__Problem statement__
The entries below contain pictures. Write out only the lines from the line with "茶臼岳は最初から最後まで登り" up to and including the line with "En su edición", exactly, without them.

━━━ Data to use

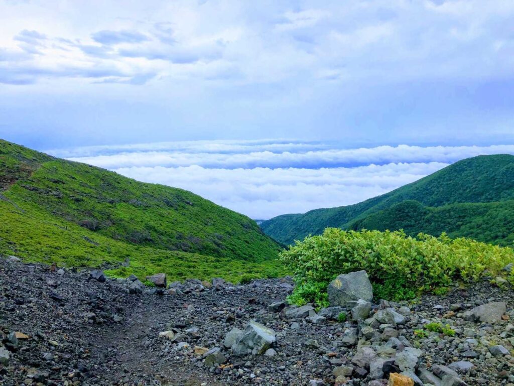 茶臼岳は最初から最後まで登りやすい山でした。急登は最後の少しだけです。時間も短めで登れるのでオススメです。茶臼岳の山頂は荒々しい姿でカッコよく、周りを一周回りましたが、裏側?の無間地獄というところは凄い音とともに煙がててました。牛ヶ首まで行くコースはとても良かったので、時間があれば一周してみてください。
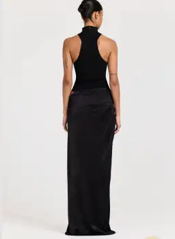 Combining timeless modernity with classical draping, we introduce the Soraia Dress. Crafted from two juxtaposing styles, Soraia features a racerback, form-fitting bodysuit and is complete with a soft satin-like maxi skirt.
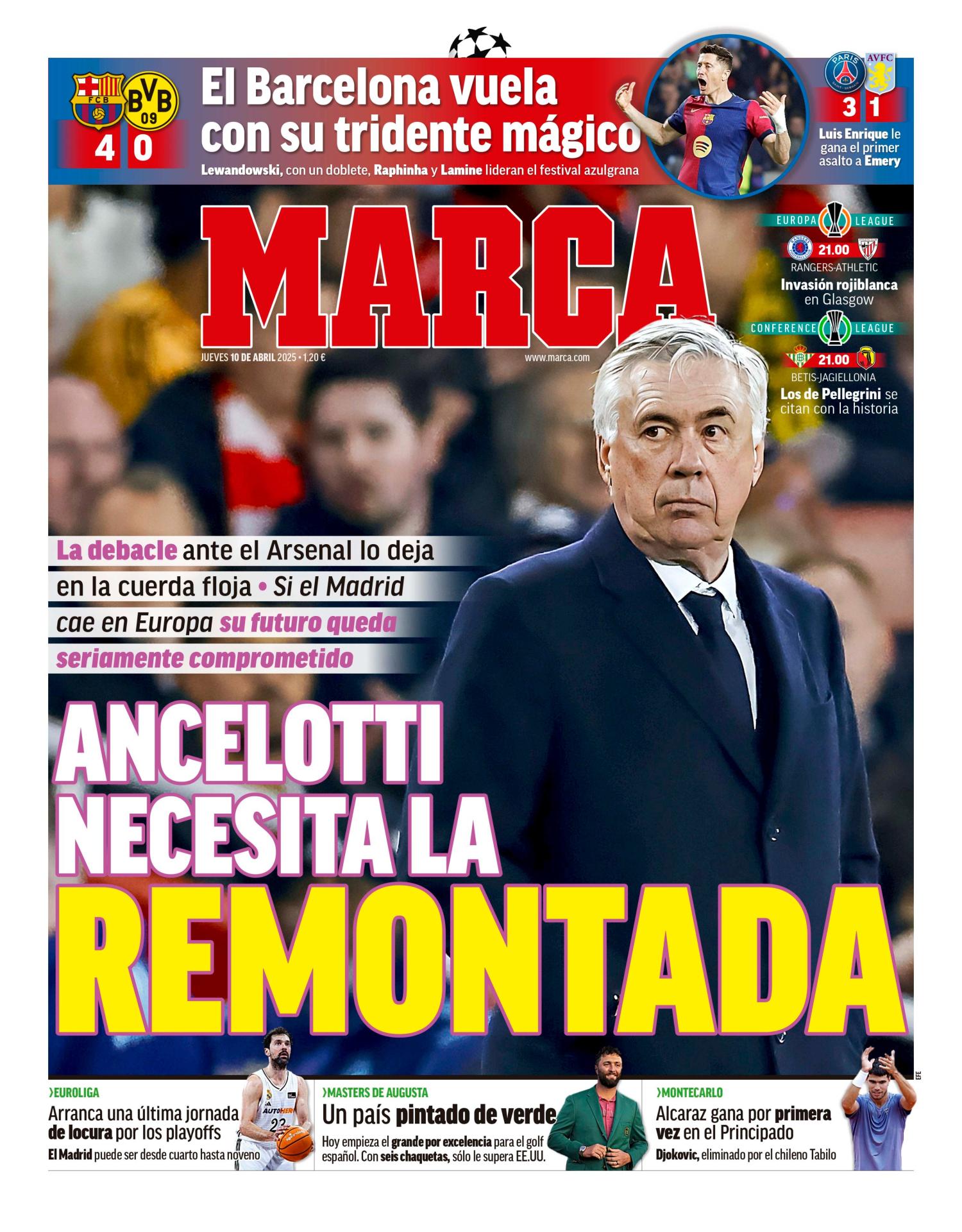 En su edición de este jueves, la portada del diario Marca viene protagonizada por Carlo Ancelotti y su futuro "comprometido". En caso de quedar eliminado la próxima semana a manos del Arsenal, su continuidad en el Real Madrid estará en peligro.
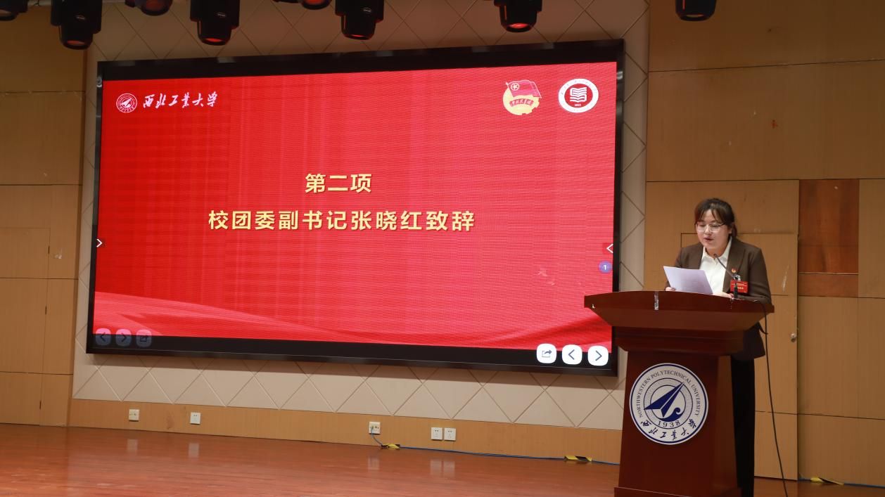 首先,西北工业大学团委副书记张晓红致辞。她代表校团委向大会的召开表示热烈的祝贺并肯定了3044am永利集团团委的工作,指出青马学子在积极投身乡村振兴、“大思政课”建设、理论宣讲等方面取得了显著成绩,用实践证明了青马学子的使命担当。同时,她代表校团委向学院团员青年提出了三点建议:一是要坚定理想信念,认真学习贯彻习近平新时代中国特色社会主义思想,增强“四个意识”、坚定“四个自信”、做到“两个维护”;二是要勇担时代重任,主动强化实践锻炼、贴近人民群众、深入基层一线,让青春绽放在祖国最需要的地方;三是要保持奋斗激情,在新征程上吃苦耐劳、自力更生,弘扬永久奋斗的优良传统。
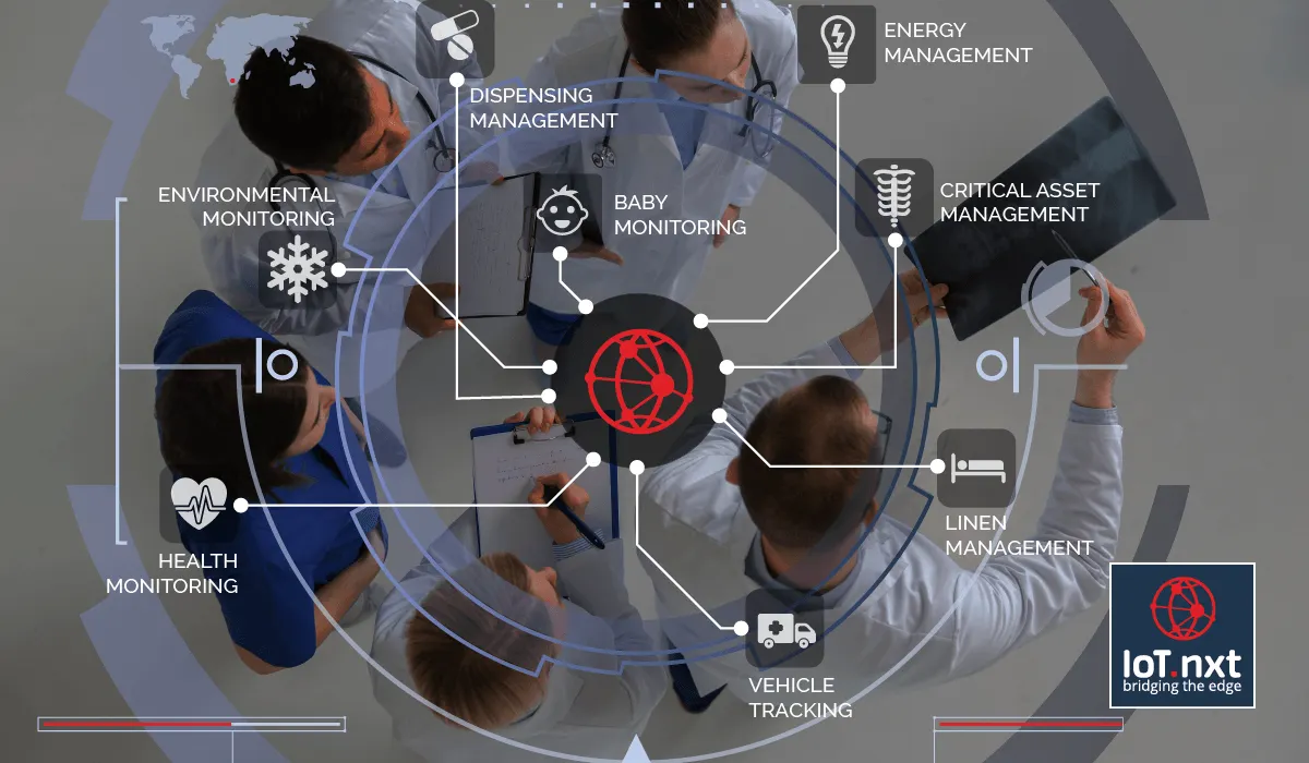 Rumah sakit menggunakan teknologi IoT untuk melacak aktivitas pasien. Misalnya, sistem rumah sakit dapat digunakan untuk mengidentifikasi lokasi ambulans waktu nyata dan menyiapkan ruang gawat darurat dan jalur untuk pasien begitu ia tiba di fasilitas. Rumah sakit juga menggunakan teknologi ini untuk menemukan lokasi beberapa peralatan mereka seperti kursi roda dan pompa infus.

━━━━━━
━━━ Data to use

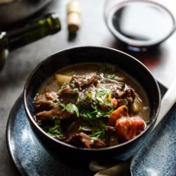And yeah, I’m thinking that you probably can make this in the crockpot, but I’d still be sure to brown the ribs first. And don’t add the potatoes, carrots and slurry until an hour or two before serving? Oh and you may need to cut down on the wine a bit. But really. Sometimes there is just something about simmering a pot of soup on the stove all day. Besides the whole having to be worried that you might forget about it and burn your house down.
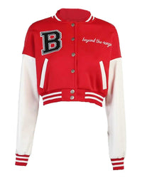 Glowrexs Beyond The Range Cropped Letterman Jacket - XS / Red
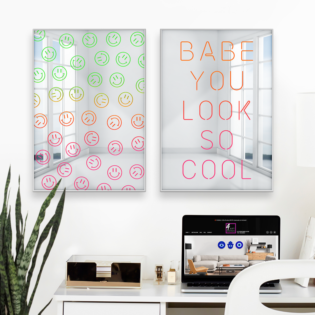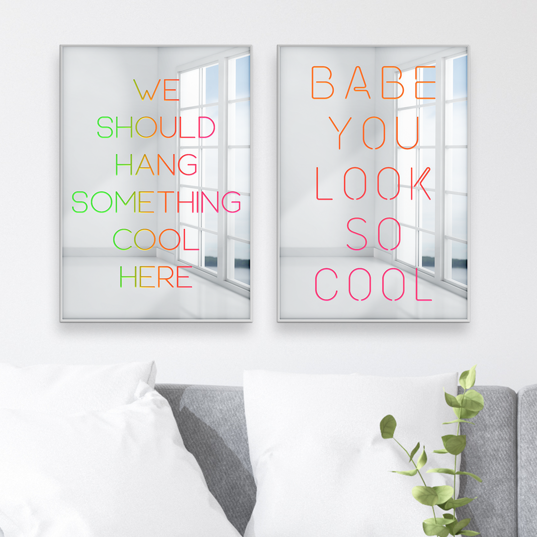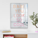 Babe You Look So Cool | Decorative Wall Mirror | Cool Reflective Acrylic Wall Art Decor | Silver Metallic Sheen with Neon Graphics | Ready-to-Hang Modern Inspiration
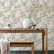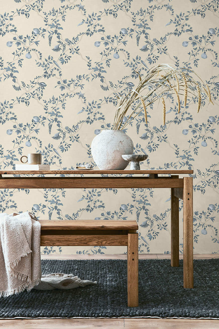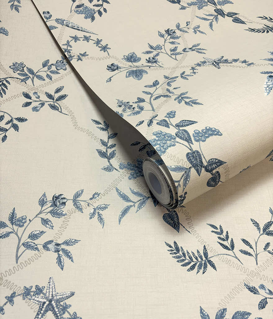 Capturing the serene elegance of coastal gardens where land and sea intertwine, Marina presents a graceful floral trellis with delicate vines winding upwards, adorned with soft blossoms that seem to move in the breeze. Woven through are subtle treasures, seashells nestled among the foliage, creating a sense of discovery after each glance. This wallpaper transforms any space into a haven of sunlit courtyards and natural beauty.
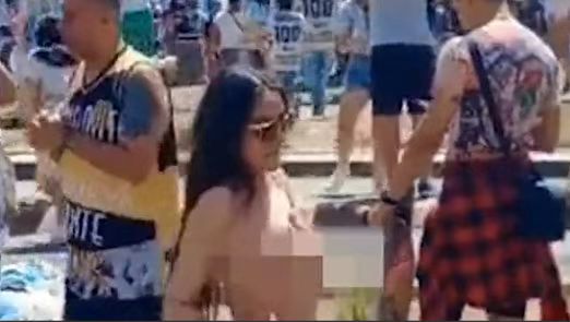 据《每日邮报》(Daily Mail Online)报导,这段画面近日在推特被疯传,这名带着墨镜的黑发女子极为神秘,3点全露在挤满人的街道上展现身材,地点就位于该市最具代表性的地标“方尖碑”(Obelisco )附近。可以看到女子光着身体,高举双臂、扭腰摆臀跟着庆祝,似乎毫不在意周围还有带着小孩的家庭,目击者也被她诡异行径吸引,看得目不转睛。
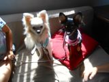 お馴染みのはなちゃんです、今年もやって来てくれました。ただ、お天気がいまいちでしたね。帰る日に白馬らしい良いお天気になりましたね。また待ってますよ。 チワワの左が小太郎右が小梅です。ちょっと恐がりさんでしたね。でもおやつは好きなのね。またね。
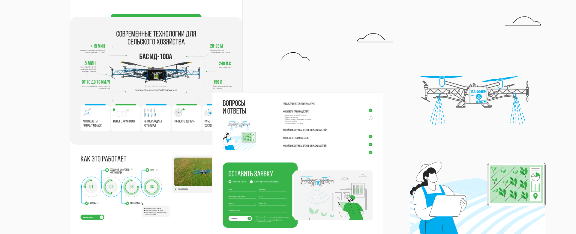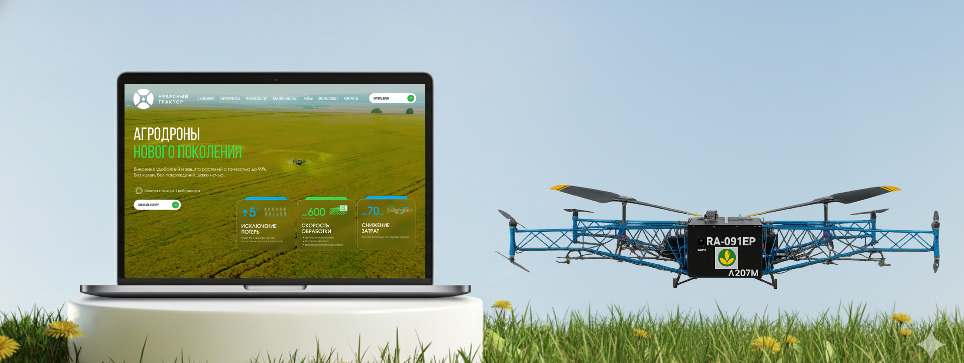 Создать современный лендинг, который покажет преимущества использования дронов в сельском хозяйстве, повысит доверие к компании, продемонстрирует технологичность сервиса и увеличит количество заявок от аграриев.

━━━━━━
━━━ Data to use

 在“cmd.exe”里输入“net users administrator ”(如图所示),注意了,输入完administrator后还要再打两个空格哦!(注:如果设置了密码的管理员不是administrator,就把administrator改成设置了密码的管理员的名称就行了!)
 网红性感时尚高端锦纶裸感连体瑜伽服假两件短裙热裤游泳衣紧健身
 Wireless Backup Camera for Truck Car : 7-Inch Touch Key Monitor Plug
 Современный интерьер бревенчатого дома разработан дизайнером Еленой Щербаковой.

━━━━━━

__Exercise solution__
 茶臼岳は最初から最後まで登りやすい山でした。急登は最後の少しだけです。時間も短めで登れるのでオススメです。茶臼岳の山頂は荒々しい姿でカッコよく、周りを一周回りましたが、裏側?の無間地獄というところは凄い音とともに煙がててました。牛ヶ首まで行くコースはとても良かったので、時間があれば一周してみてください。
 Combining timeless modernity with classical draping, we introduce the Soraia Dress. Crafted from two juxtaposing styles, Soraia features a racerback, form-fitting bodysuit and is complete with a soft satin-like maxi skirt.
 En su edición de este jueves, la portada del diario Marca viene protagonizada por Carlo Ancelotti y su futuro "comprometido". En caso de quedar eliminado la próxima semana a manos del Arsenal, su continuidad en el Real Madrid estará en peligro.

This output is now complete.